The state, represented by Zachary Pekelis Jones of Pacifica Law Group, countered again that vaccination data for most employees covered by the mandate is incomplete and that claims about resignations are “based on pure speculation and anecdotal claims of individual workers scattered around the state.”

More than 90% of state government employees had provided proof of vaccination as of last week, according to the state. About 88% of hospital staff statewide had also been fully vaccinated as of last week, while the remaining 12% included a mixed bag of those who were partially vaccinated, receiving accommodations or declining the vaccine, according to a survey from the Washington State Hospital Association.

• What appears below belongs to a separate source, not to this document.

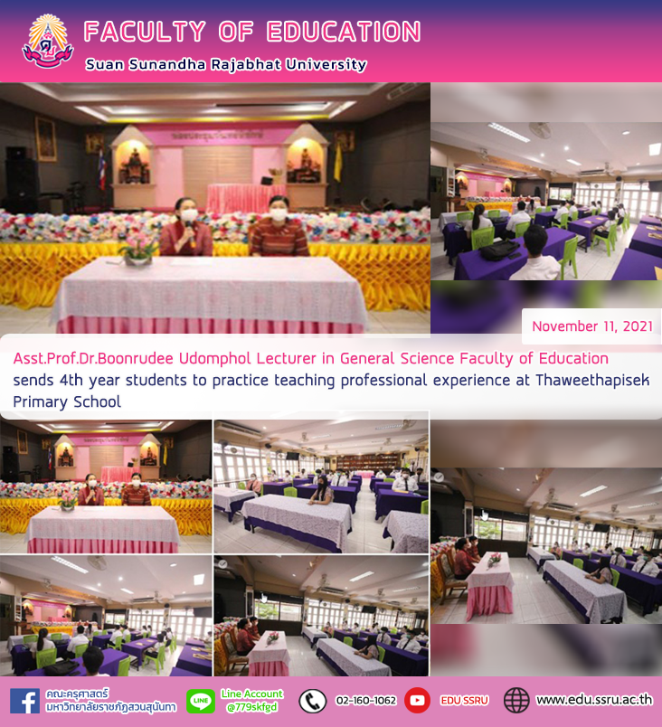 On November 11, 2021, Assistant Professor Dr.Boonrudee Udomphol, a lecturer in the Department of General Science, Faculty of Education, sent students to send 4th-year students to practice teaching professional experience at Thaweethapisek Primary School.

The state Office of Superintendent of Public Instruction doesn’t plan to release vaccination rates among educators until the end of October but Superintendent Chris Reykdal estimated “well in excess” of 70% of teachers had been vaccinated in August, The Seattle Times reported.

Pekelis Jones said it will be tragic for people to lose their jobs over refusing the vaccine, but it would be more tragic still for employees in critical, public-facing roles to endanger the public they’re supposed to serve.

Ultimately, Murphy ruled the employees are unlikely to prevail because Inslee’s proclamation is likely a valid use of emergency powers granted to him by the Legislature.

After Friday’s decision in federal court, Washington Attorney General Bob Ferguson noted how his office has successfully defended Inslee’s pandemic orders against 42 legal challenges.

“Our office remains undefeated in these challenges to the governor’s public health measures,” he tweeted.

Further federal court hearings have yet to be set, as the judge said she wanted to see the outcome of the state court hearing before scheduling anything else. A trial in Thurston County Superior Court isn't anticipated before February.